Department of Molecular Biology and Genetics
Email Dr. Corden
Dr. Corden’s lab focuses on mRNA biogenesis. The lab uses genetic and biochemical approaches in yeast and mammals to study the control of eucaryotic RNA polymerase II, particularly through its unusual repetitive domain at the C-terminus of the largest subunit. This C-terminal domain (CTD) is comprised of tandem repeats of the consensus sequence TyrSerProThrSerProSer. A major effort in the lab is directed at studies of proteins that bind the CTD.
Department of Epidemiology
Email Dr. Fallin
Dr. Fallin is interested in applying genetic epidemiology methods to studies of neuropsychiatric disorders including Alzheimer's disease, schizophrenia, autism, and bipolar disorder. She also works on the genetic predisposition to features affecting aging populations such as muscle strength and frailty. In addition to these applied projects, she is interested in evaluating and improving methods for genetic analysis of population data. This includes haplotype analysis and incorporation of large-scale SNP data. Her research focuses on methodology for population and family-based tests of genetic associations with human disease.
Department of Molecular Biology and Genetics
Email Dr. Greider
Dr. Greider is the Daniel Nathans Professor and Director of the Department of Molecular Biology and Genetics. Her lab focuses on understanding telomeres and telomerase and their role in chromosome stability, stem cell failure and cancer. By studying the biochemistry of telomerase and human telomerase RNA, they aim to elucidate the role of telomere maintenance in cancer in human and mouse cells. Her lab also studies a mouse model of telomere dysfunction and showed that the shortest telomere in a cell triggers a DNA damage response.
Department of Pathology
Email Dr. Iacobusio-Donahue
Dr. Iacobuzio-Donahue’s laboratory focuses on understanding the molecular basis for cancer metastasis as it relates to gastrointestinal cancer. To support her research she instituted the Johns Hopkins Gastrointestinal Cancer Rapid Medical Donation Program (GICRMDP) in 2003, a unique program that allows patients with terminal, metastatic cancer to agree to undergo a rapid autopsy for research into cancer metastasis. Her lab routinely applies molecular/cell biology and high-throughput genomic methods to understand those changes that impart the ability of a cancer cell to grow in an uncontrolled manner at the primary tumor site versus in target organs. Candidate genes or pathways identified through this work are further evaluated using a variety of models to explore their functional relationship to tumor progression, invasion and metastasis.

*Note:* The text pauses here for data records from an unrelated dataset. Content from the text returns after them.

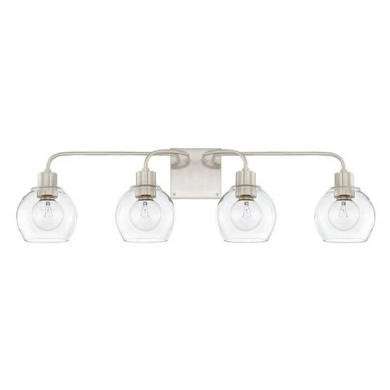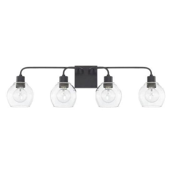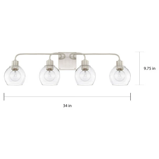 This delightful four-light bath vanity light fixture arrives in your choice of a brushed nickel, bronze, or matte black finish that will complement many transitional and traditional spaces. The clean lines of its steel frame add interest, while the clear glass shades provide uninterrupted illumination.
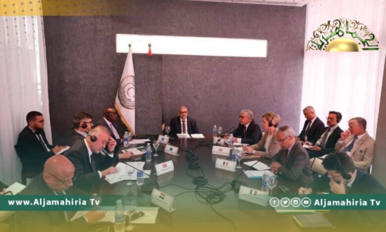 وحضر الاجتماع كلا من نائب المبعوث الأممي إلى ليبيا ريزيدون زينينغا، وسفير الاتحاد الأوروبي، خوسيه ساباديل، والسفيرة البريطانية، كارولين هورندال، والسفير الفرنسي، مصطفى مهراج، والسفير التركي، كنعان يلماز، والسفير المصري، مصطفى تامر، والقائم بأعمال السفارة الإيطالية، ميكائيل روسي.
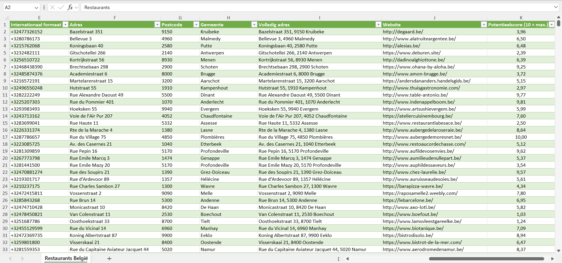 Voor elk restaurant hebben we bovendien een individuele potentieelscore van 1 tot 10 toegekend, gebaseerd op een reeks factoren zoals de geschatte bedrijfsgrootte, het geschatte aantal klanten en de koopkracht van de locatie.
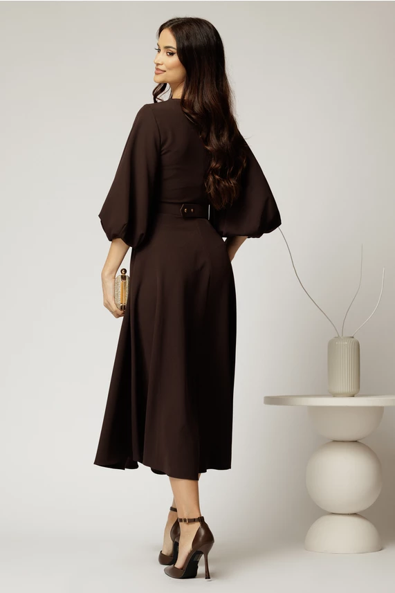 Rochie midi maro din crep in clos cu maneci bufante si curea in talie
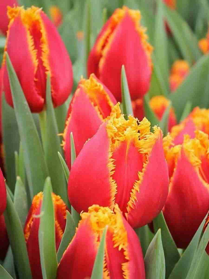 Тюльпан бахромчатый Davenport - это великолепное растение с красивыми крупными цветками, окрашенными в яркий красный цвет с ярко-желтой бахромой. Этот сорт тюльпанов отличается высокой морозостойкостью и может процветать в различных климатических условиях, включая Московскую область и большую часть России.
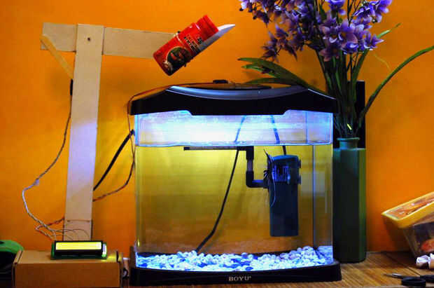- Mejor automatización: AquaFeeder 1.0 era una máquina automatizada, pero había muchos problemas. Por ejemplo, 1 de cada 8 veces que dejaría el programa de alimentación y los peces no ser alimentados, tal vez debido a la pérdida de energía o comportamiento inusual del motor servo. También, no podía averiguar si había perdido la alimentación de los peces, o si estaba apagado durante el tiempo de alimentación.
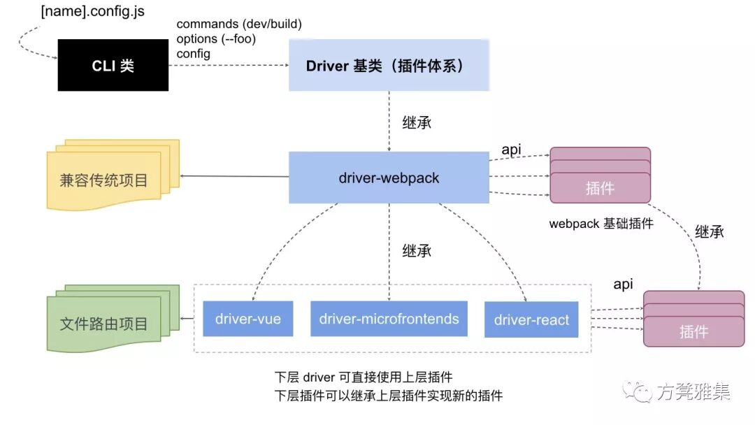 这样的能力,机智如你,应该想到了中台的概念,对的,他提供了 CLI 中台 的能力,你可以直接使用上层 driver 快速定制出适合自己场景的工程化工具,而且上层 driver 的生态你也是完整拥有的(典型的比如 driver-webpack,你可以定制出 driver-vue/driver-react/driver-microfrontends,同时 driver-webpack 这一层所有的插件你也是可以直接继承过来的)
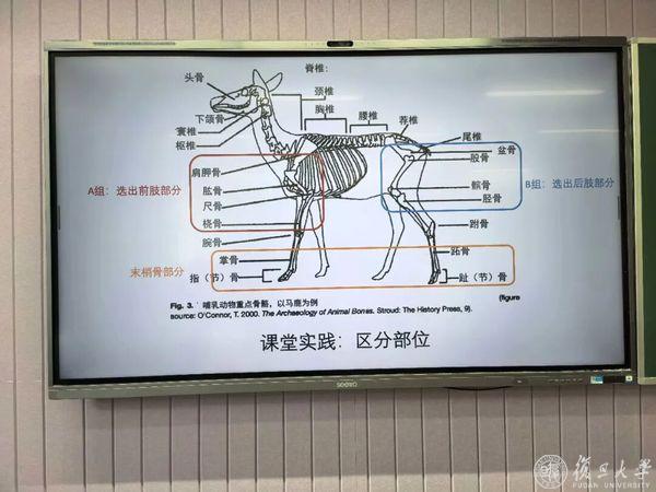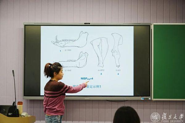 “动物考古学”也是系内首个系统讲授动物考古理论、方法并配套实验室实操环节的专业课程。它引入了国际通行的动物考古训练体系——包括骨骼鉴定、埋藏学实验、遗址出土标本实操等,填补了复旦在动物考古教学方面的空白。在学生中,这门课也颇具人气,成为许多本科生走进考古实践的“启蒙一课”。

Department of Biostatistics
Email Dr. Irizarry
Dr. Irizarry has worked on Bioinformatics and Computational Biology problems for nine years. He has developed and published various widely used statistical methods for the analysis of microarray data. Two of his publications have been named Fast Breaking Paper, New Hot Paper, and Current Classic Paper in Mathematics by Thomson Essential Science Indicators (ESI). One of his publications won the 2004 American Statistical Association (ASA) Outstanding Statistical Application Award, which recognizes a paper that is an outstanding application of statistics in any substantive field. He was awarded the ASA Youden Award in Interlaboratory Testing for another of his publications. Dr. Irizarry also develops open source software implementing his statistical methodology. He developed the first extensible software library for the analysis of Affymetrix microarray probe-level data. His software tools have been downloaded over 20,000 times. He is also a leader and founder of the Bioconductor Project, an open source and open development software project for the analysis and comprehension of genomic data. Bioconductor provides the most widely used software tool for the analysis of microarray data. A book, co-edited by Dr. Irizarry and other project leaders, has sold over 10,000 copies in less than three years and has been translated into Chinese and Japanese. Dr. Irizarry has participated in various successful collaborations with Johns Hopkins University scientists. His collaborators include Jef Boeke, Aravinda Chakravarti, Andrew Feinberg, Jonathan Pevsner, and Sarah Wheelan. He has published over 40 collaborative papers. He is the Department of Biostatistics liaison to the Johns Hopkins Medical Institution’s Microarray Core. Dr. Irizarry is also a member of various international collaborative projects. He is a member of the NIC/OBBR-BRN Experimental Design Working Group, the GAIN Alternative Calling Algorithms Working Group, the EMERALD Project Scientific Advisory Board, and the MGED Advisory Board.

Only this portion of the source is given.